§ TASK TO CARRY OUT:
Exact copy, no pictures: reproduce every record below as it stands.

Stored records

# # # #

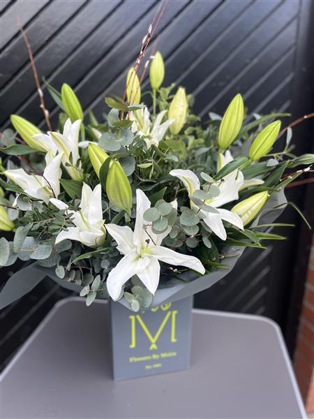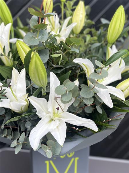 Bring timeless beauty and a captivating fragrance into any space with our Lily Lane bouquet, lovingly created by our team. This exquisite hand-tied arrangement features the most beautiful Oriental lilies, famous for their heavy scent that will enchant your senses.
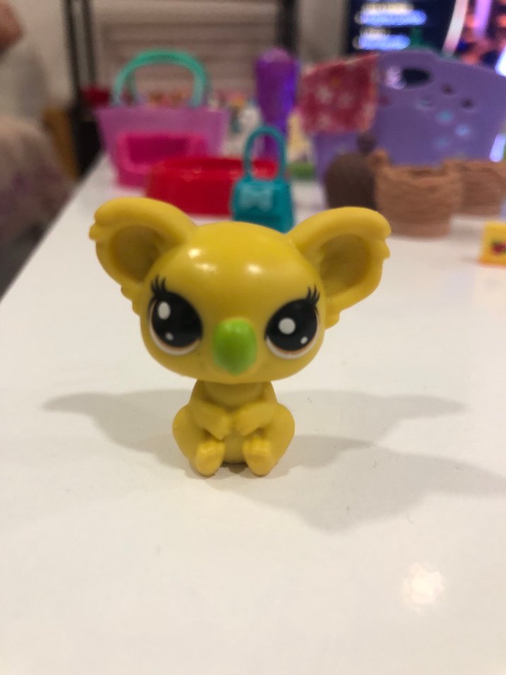 Büyük gözlü ve yeşil burunlu, renkli sarı lps koala minniş figürü, koleksiyonluk oyuncak olarak tasarlanmıştır.
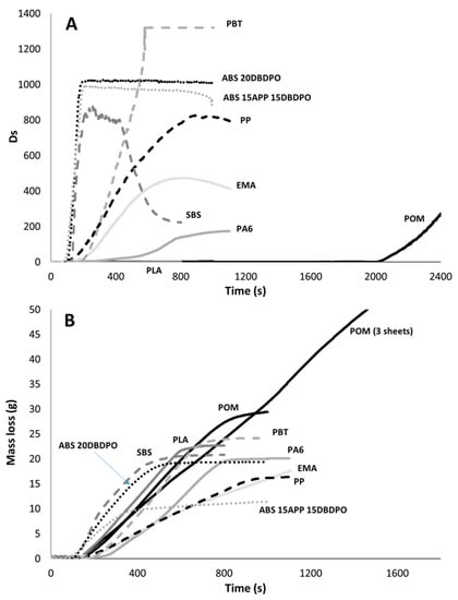 In many articles, the mass loss rate is not considered and only the smoke density is provided. Several curves Ds = f(time) and MLR = f(time) are shown in Figure 8. It is noteworthy that some polymers do not produce smoke (Ds ≈ 0). These polymers (POM and PLA) are those for which the smoke in the cone calorimeter is also null. When three sheets of POM are tested (total mass = 96 g), Ds starts increasing after flaming out. At this time, the remaining mass is 30 g. In other words, the mass loss was 66 g. Since the heat of combustion of POM is 14 kJ/g, 2.23 mol of O2 has been consumed at flame out. It represents almost 50% of the oxygen present in the smoke chamber (considering that air contains 20 wt% of oxygen). It is by far the highest oxygen consumption in our experiments. Of course, this is a rough overestimation, while the effective heat of combustion is not known and may be lower. PA6 produces a moderate amount of smoke (Ds reaches around 180). Other materials produce much more smoke and the maximum Ds is in the range of 470–1320.
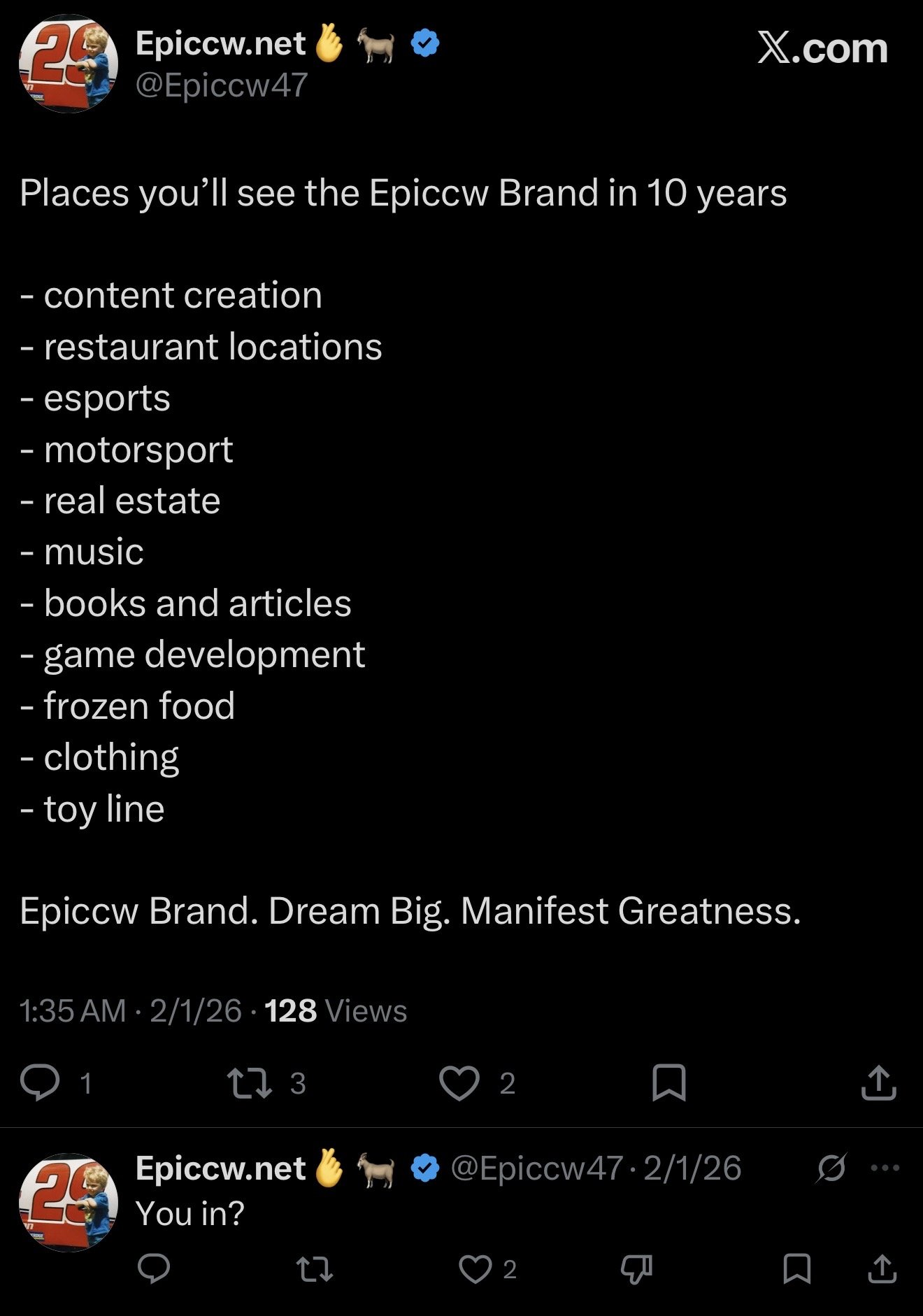 On Feb 1st 2026 I make a post on X of all the places the Epiccw brand would be in 10 years. I really want to make these goals happen. I believe we can do it. Of course being realistic will some fail yes, will some just never happen yes of course but you gotta dream big, be ambitious and never let that drive to be successful fade!
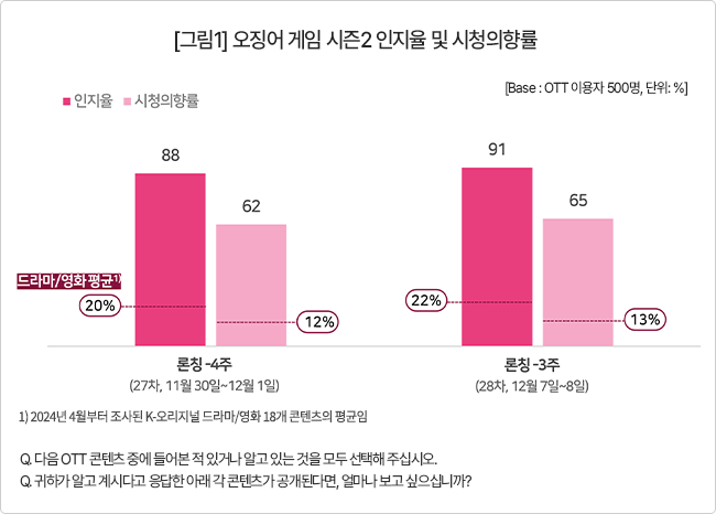 ‘오징어 게임 시즌2’는 론칭(12월 26일 예정) 전부터 인지율과 시청의향률 모두 역대최고치를 찍고 있다. 론칭 -4주(27차, 11월 30일~12월 1일) 조사 대상에 포함되자마자 인지율 88%, 시청의향률 62%로 신기록을 썼다. 일주일 후인 론칭 -3주(28차, 12월 7일~8일)에는 각각 91%, 65%로 다시 기록을 갈아치웠다. 론칭 -3주 기준 드라마·영화 평균(인지율 22%, 시청의향률 12%)을 압도하는 초유의 기록이다. 이전까지 가장 높았던 ‘흑백요리사’ 인지율(론칭 +2주, 82%)과 ‘지옥 시즌2’ 시청의향률(론칭 -1주, 39%)에도 크게 앞섰다.
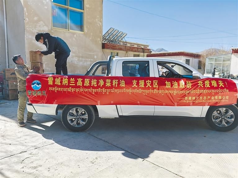 今年1月,西藏納蘭生態(tài)產(chǎn)業(yè)有限公司運送菜籽油支援定日縣地震災(zāi)區(qū)。
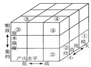 小题2:图中②特征为集约农业,生产规模小,但是产出水平高。日本地形以山地丘陵为主,农业生产的规模小,但是机械化水平高,产出水平高。所以本题选择C选项。
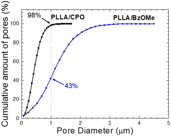 The macropore size distribution, evaluated as the percentage of pores (assumed spherical) detected on the analyzed surface for both SEM micrographs of Figure 3c,d, is reported in Figure 4a,b. A clear difference in size distribution for the PLLA/CPO and PLLA/BzOMe aerogels can be seen in the graphs. In detail, a larger distribution of the macropore size is present in the PLLA/BzOMe, while macropores of a small size (< 1 micron) are prevalent in PLLA/CPO. As shown in Figure 4a,b, the most frequent pore size is lower for PLLA/CPO (0.46 µm) than for PLLA/BzOMe (1.14 µm). The cumulative amount of pores vs. pore size (assumed to be spherical) is instead reported in Figure 5. The SPIPTM analysis shows that 98% of the macropores in the PLLA/CPO aerogel have a diameter of less than 1 micron, while in the PLLA/BzOMe aerogel, only 43% of macropores fall into this category.
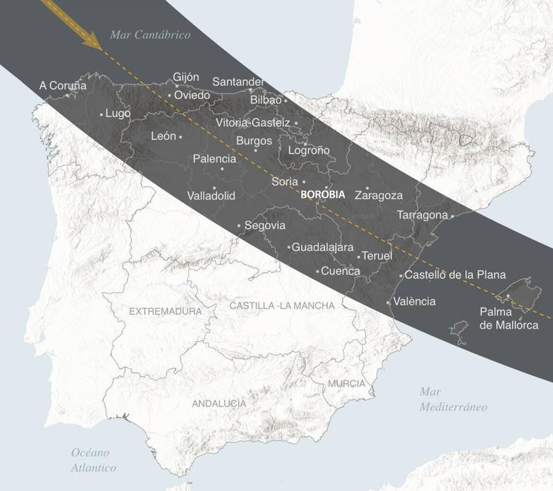 Empecemos con lo básico. La trayectoria de la totalidad abarcará buena parte de la mitad superior de España; podrá ser vista desde veintiocho provincias, y desde doce de ellas se podrá ver en todo su territorio. Veintidós capitales provinciales disfrutarán del espectáculo; aproximadamente catorce millones de personas residen en la zona de totalidad. La tercera y cuarta ciudades de España (Valencia y Zaragoza) están incluidas integramente en la franja donde el eclipse alcanzará el 100%; Madrid y Barcelona no, pero por muy poquito. En el caso de la Ciudad Condal, el eclipse total se podrá ver desde Vilanova y la Geltrú, a unos cuarenta kilómetros al sur de Barcelona. En la capital, sólo se podrá ver el sol completamente oculto desde el Aeropuerto de Barajas, donde el eclipse durará unos veinte segundos, y en algunos barrios del norte de la ciudad, como Las Tablas o Valdebebas, donde la duración será aún inferior. En la provincia, cuanto más al norte y al este mejor. La Sierra norte y el Corredor del Henares también quedarán dentro de la zona oscura.

# # # #

§ EXERCISE SOLUTION:
 Bring timeless beauty and a captivating fragrance into any space with our Lily Lane bouquet, lovingly created by our team. This exquisite hand-tied arrangement features the most beautiful Oriental lilies, famous for their heavy scent that will enchant your senses.
 Büyük gözlü ve yeşil burunlu, renkli sarı lps koala minniş figürü, koleksiyonluk oyuncak olarak tasarlanmıştır.
 In many articles, the mass loss rate is not considered and only the smoke density is provided. Several curves Ds = f(time) and MLR = f(time) are shown in Figure 8. It is noteworthy that some polymers do not produce smoke (Ds ≈ 0). These polymers (POM and PLA) are those for which the smoke in the cone calorimeter is also null. When three sheets of POM are tested (total mass = 96 g), Ds starts increasing after flaming out. At this time, the remaining mass is 30 g. In other words, the mass loss was 66 g. Since the heat of combustion of POM is 14 kJ/g, 2.23 mol of O2 has been consumed at flame out. It represents almost 50% of the oxygen present in the smoke chamber (considering that air contains 20 wt% of oxygen). It is by far the highest oxygen consumption in our experiments. Of course, this is a rough overestimation, while the effective heat of combustion is not known and may be lower. PA6 produces a moderate amount of smoke (Ds reaches around 180). Other materials produce much more smoke and the maximum Ds is in the range of 470–1320.
 On Feb 1st 2026 I make a post on X of all the places the Epiccw brand would be in 10 years. I really want to make these goals happen. I believe we can do it. Of course being realistic will some fail yes, will some just never happen yes of course but you gotta dream big, be ambitious and never let that drive to be successful fade!
 ‘오징어 게임 시즌2’는 론칭(12월 26일 예정) 전부터 인지율과 시청의향률 모두 역대최고치를 찍고 있다. 론칭 -4주(27차, 11월 30일~12월 1일) 조사 대상에 포함되자마자 인지율 88%, 시청의향률 62%로 신기록을 썼다. 일주일 후인 론칭 -3주(28차, 12월 7일~8일)에는 각각 91%, 65%로 다시 기록을 갈아치웠다. 론칭 -3주 기준 드라마·영화 평균(인지율 22%, 시청의향률 12%)을 압도하는 초유의 기록이다. 이전까지 가장 높았던 ‘흑백요리사’ 인지율(론칭 +2주, 82%)과 ‘지옥 시즌2’ 시청의향률(론칭 -1주, 39%)에도 크게 앞섰다.
 今年1月,西藏納蘭生態(tài)產(chǎn)業(yè)有限公司運送菜籽油支援定日縣地震災(zāi)區(qū)。
 小题2:图中②特征为集约农业,生产规模小,但是产出水平高。日本地形以山地丘陵为主,农业生产的规模小,但是机械化水平高,产出水平高。所以本题选择C选项。
 The macropore size distribution, evaluated as the percentage of pores (assumed spherical) detected on the analyzed surface for both SEM micrographs of Figure 3c,d, is reported in Figure 4a,b. A clear difference in size distribution for the PLLA/CPO and PLLA/BzOMe aerogels can be seen in the graphs. In detail, a larger distribution of the macropore size is present in the PLLA/BzOMe, while macropores of a small size (< 1 micron) are prevalent in PLLA/CPO. As shown in Figure 4a,b, the most frequent pore size is lower for PLLA/CPO (0.46 µm) than for PLLA/BzOMe (1.14 µm). The cumulative amount of pores vs. pore size (assumed to be spherical) is instead reported in Figure 5. The SPIPTM analysis shows that 98% of the macropores in the PLLA/CPO aerogel have a diameter of less than 1 micron, while in the PLLA/BzOMe aerogel, only 43% of macropores fall into this category.
 Empecemos con lo básico. La trayectoria de la totalidad abarcará buena parte de la mitad superior de España; podrá ser vista desde veintiocho provincias, y desde doce de ellas se podrá ver en todo su territorio. Veintidós capitales provinciales disfrutarán del espectáculo; aproximadamente catorce millones de personas residen en la zona de totalidad. La tercera y cuarta ciudades de España (Valencia y Zaragoza) están incluidas integramente en la franja donde el eclipse alcanzará el 100%; Madrid y Barcelona no, pero por muy poquito. En el caso de la Ciudad Condal, el eclipse total se podrá ver desde Vilanova y la Geltrú, a unos cuarenta kilómetros al sur de Barcelona. En la capital, sólo se podrá ver el sol completamente oculto desde el Aeropuerto de Barajas, donde el eclipse durará unos veinte segundos, y en algunos barrios del norte de la ciudad, como Las Tablas o Valdebebas, donde la duración será aún inferior. En la provincia, cuanto más al norte y al este mejor. La Sierra norte y el Corredor del Henares también quedarán dentro de la zona oscura.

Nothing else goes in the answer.